The other danger is thinking that you know where things are going yourself. Here I'm talking about the near-certainty among advisors, going back five years and counting, that interest rates were going to spike and wipe out bond portfolios. Or the fear after the 2008 meltdown that led so many advisors to put off rebalancing client portfolios at the most opportune prices in a generation–because, well, they, like the rest of us, were expecting the carnage to continue. When we look back, we see the past littered with opportunity costs triggered by our belief that we knew what was coming when we didn't.
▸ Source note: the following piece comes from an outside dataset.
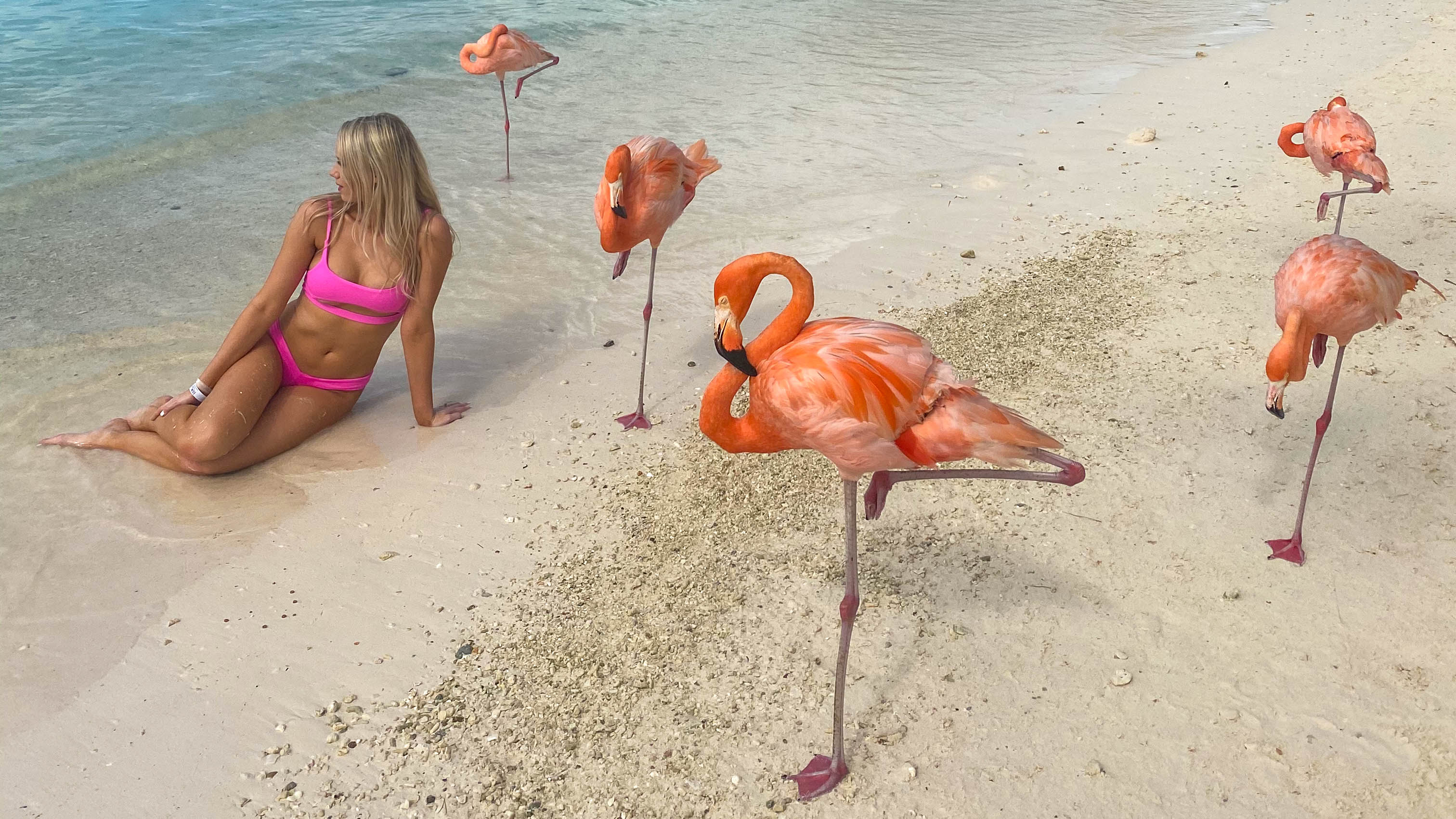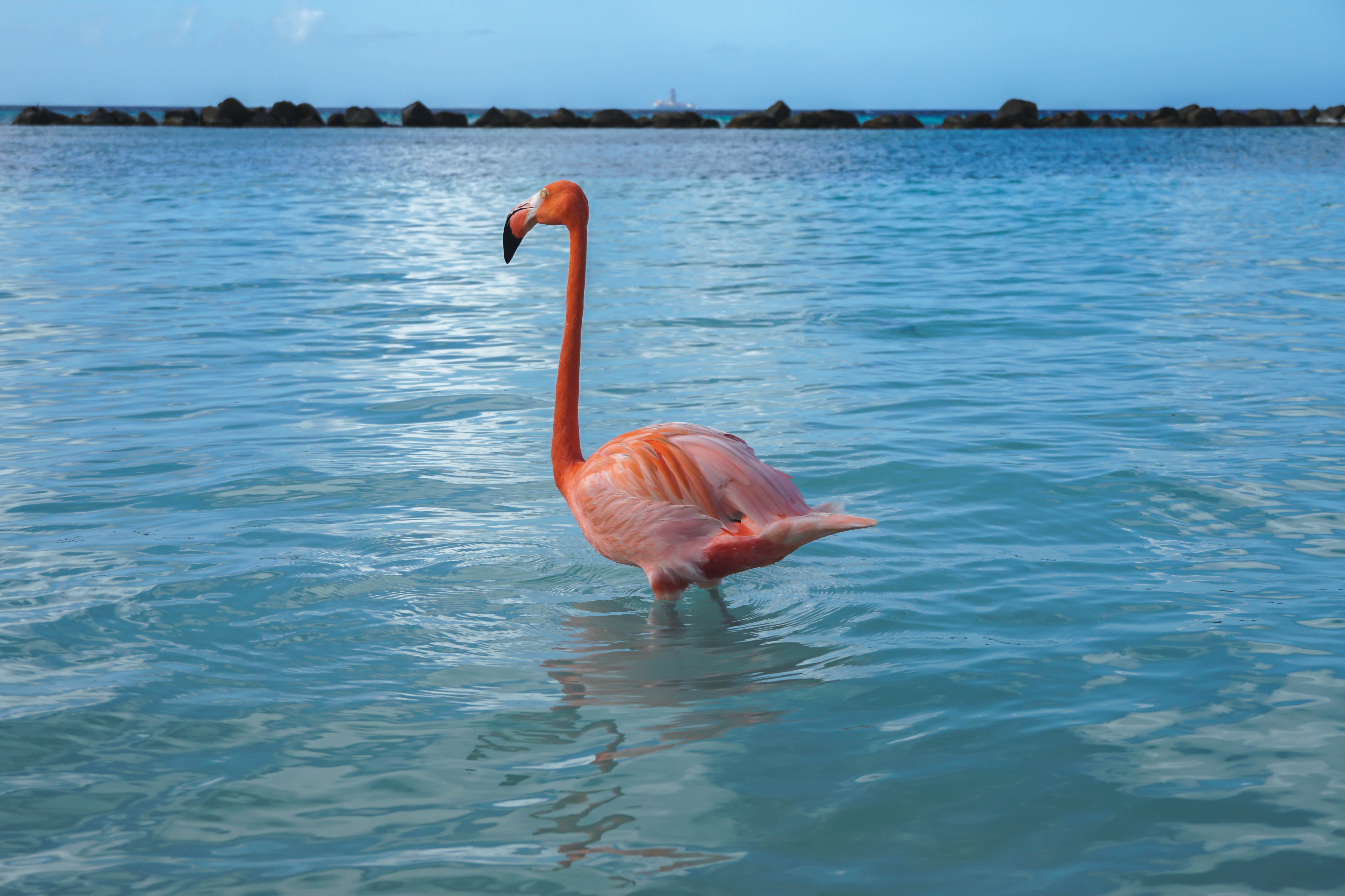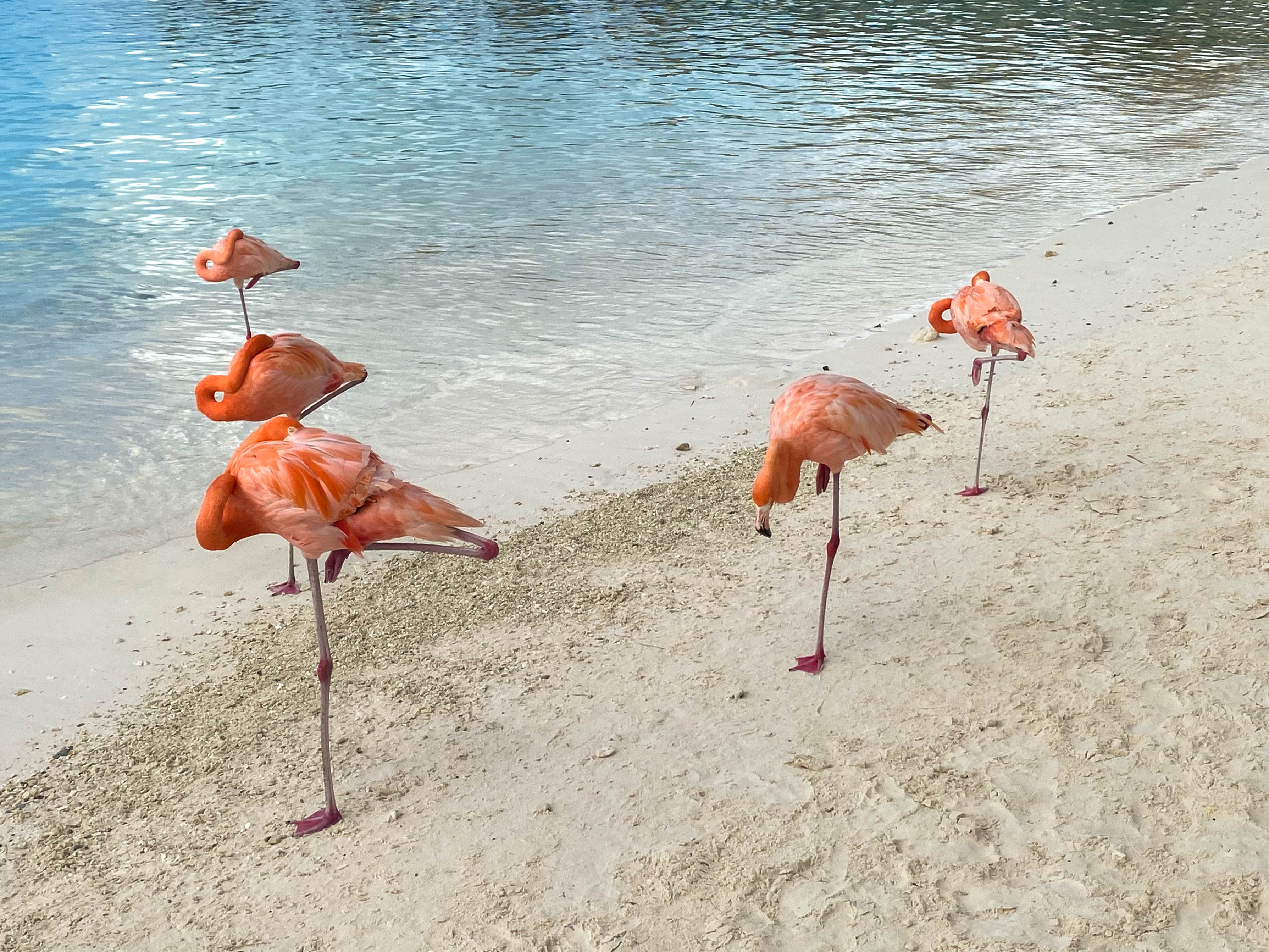 If you want to see the flamingos in Aruba, it actually takes some planning. There are only about 8 flamingos in Aruba, and they are all located in one place: on Flamingo Beach, Renaissance Private Island.

What am I proposing here? I think professionals need to take a pledge that we won't put too much stock in forecasts or predictions–or make them ourselves. We need to institutionalize the idea that the future is always going to surprise us, and that no expert in any field has expertise in crystal ball reading. We need to be constantly aware of the assumptions we are making about the future of the markets and the world economy, and recognize that they may be wrong, and protect clients from the consequences of our inevitable wrongness.

This, I think, is extremely hard work. There is a tendency built into the synaptic structure of our brains to anticipate, project and predict, and our antennae are highly-sensitive to predictions made by respected commentators. Filtering out this misleading "data" is not going to be easy, even though hindsight provides countless examples of the wisdom of this effort. But I think, over time, turning a deaf ear to predictions may prove to be one of the most valuable services that you can offer your clients: the willingness to make decisions in the absence of any clues about what the markets are going to do next, preserving the ability to respond to whatever is happening in real time–or, in many cases, not respond.

That said, I'm going to make a prediction. I predict that many other Mohammed El-Erians are going to emerge from the investment world and deliver very thoughtful evaluations of what is coming, and I predict that they will be just as wrong in their actionable conclusions as he was. And I predict that you and I and everyone else will be drawn into their vision of the future.

What I can't predict is how well, the next time and the next and the one after that, we will hang onto our skepticism in the face of that plausible vision in the crystal ball. For the sake of your clients, I hope we all get better at it than we have been in the past.